À la mise en lumière de l’extension de la domination s’oppose l’idée de la possibilité d’un « monde » qui puisse encore s’opposer à la réalité établie. Le monde est compris dans la contribution de Boltanski dans un sens wittgensteinien, c’est-à-dire au sens de « tout ce qui arrive », renvoyant à l’impossibilité de le connaître dans sa totalité. La légitimité de la dernière partie plus optimiste de l’alternative n’est pas aussi évidente que ce qui est d’abord annoncé dans l’ouvrage. La résistance est-elle un fétiche qui sert l’idéologie ou une possibilité réelle d’opposer le monde des acteurs sociaux capables d’émancipation à la réalité établie ? L’ouvrage ne propose pas de réponse tranchée mais des voies différentes, et parfois étroites, de possibilités critiques. Ici on se demandera pourquoi, si la légitimité du retour à la première génération de l’École de Francfort est contestée, le phénomène n’est pas au moins l’objet d’une reconnaissance.

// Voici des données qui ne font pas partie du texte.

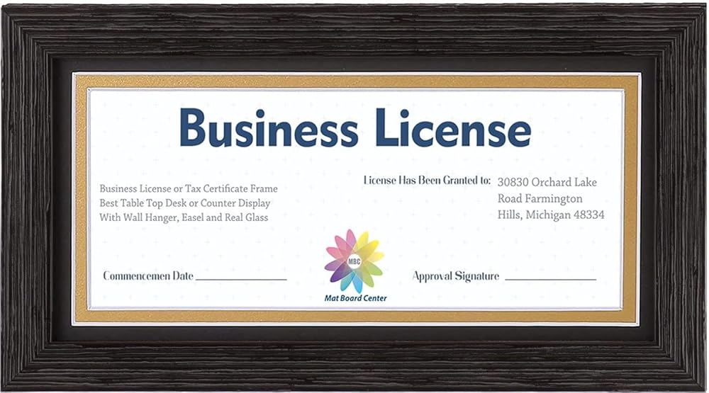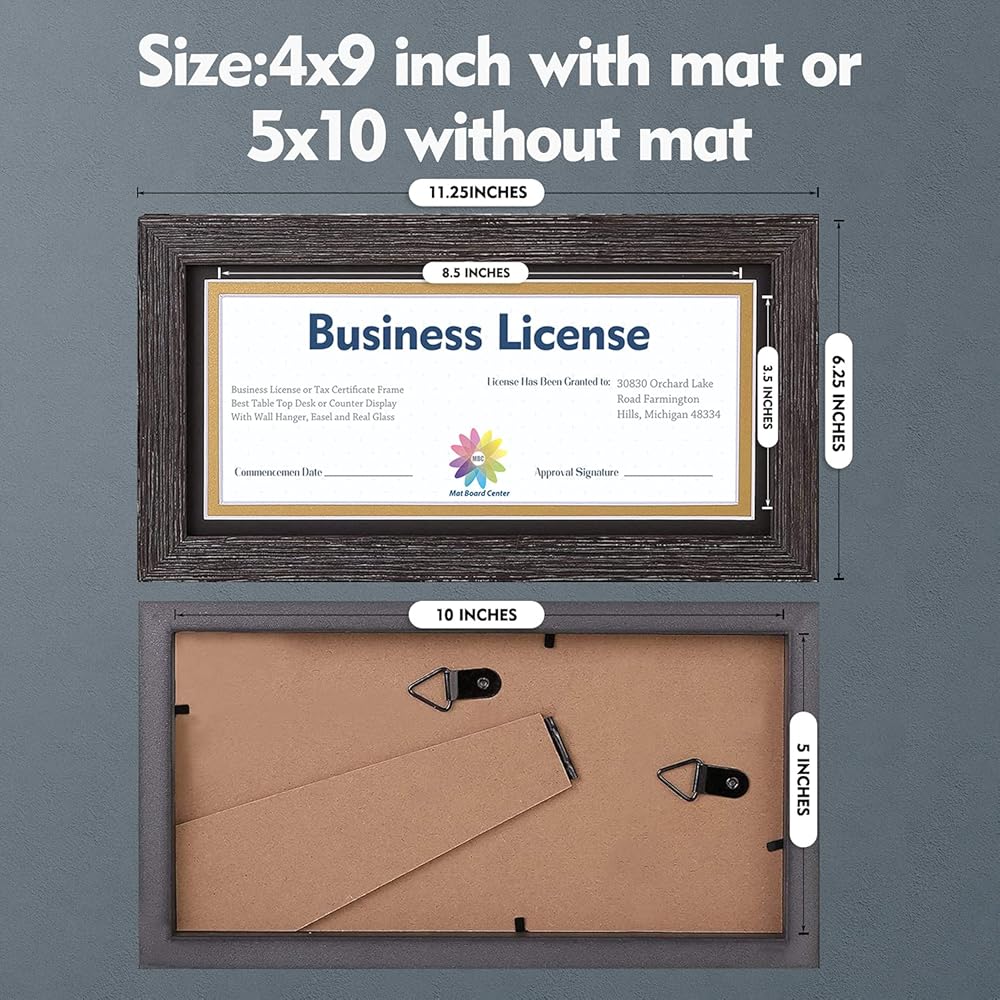 MBC MAT BOARD CENTER، إطار رخصة عمل احترافي بني داكن، حامل معلق وحامل، زجاج مقسى (إطار 5 × 10 لصورة 4 × 9 مع حصيرة مزدوجة سوداء فوق ذهبية)

Ce tournant de la théorie critique, supposé prendre en compte les contributions critiques les plus récentes, propose une opposition parfois un peu simple entre la théorie « d’avant » et celle « d’après » au moment même où des travaux, se réclamant eux aussi de la théorie crique, proposent un retour à la première génération de l’École de Francfort de façon à mieux comprendre la menace désormais ubiquitaire de l’autoritarisme. Une réflexion sur le retour de travaux consacrés au concept d’aliénation, là encore d’un côté comme de l’autre du Rhin, aurait pu compléter le tableau « du » tournant de la théorie critique ou au moins contribuer à l’interroger.

Cependant, l’ouvrage est riche et a deux mérites essentiels qui en font une publication incontournable pour les sciences sociales. Il met en lumière une communauté de questionnements, d’investigations et de conclusions issus des traditions critiques allemande et française. Il met en miroir des réflexions parentes mais non-univoques qui suggèrent la nécessité de poursuivre le dialogue entre les différents théoriciens critiques, en suscitant continuellement chez le lecteur de nombreuses interrogations quant à l’avenir de la critique et à la possibilité d’en concilier les différentes théorisations.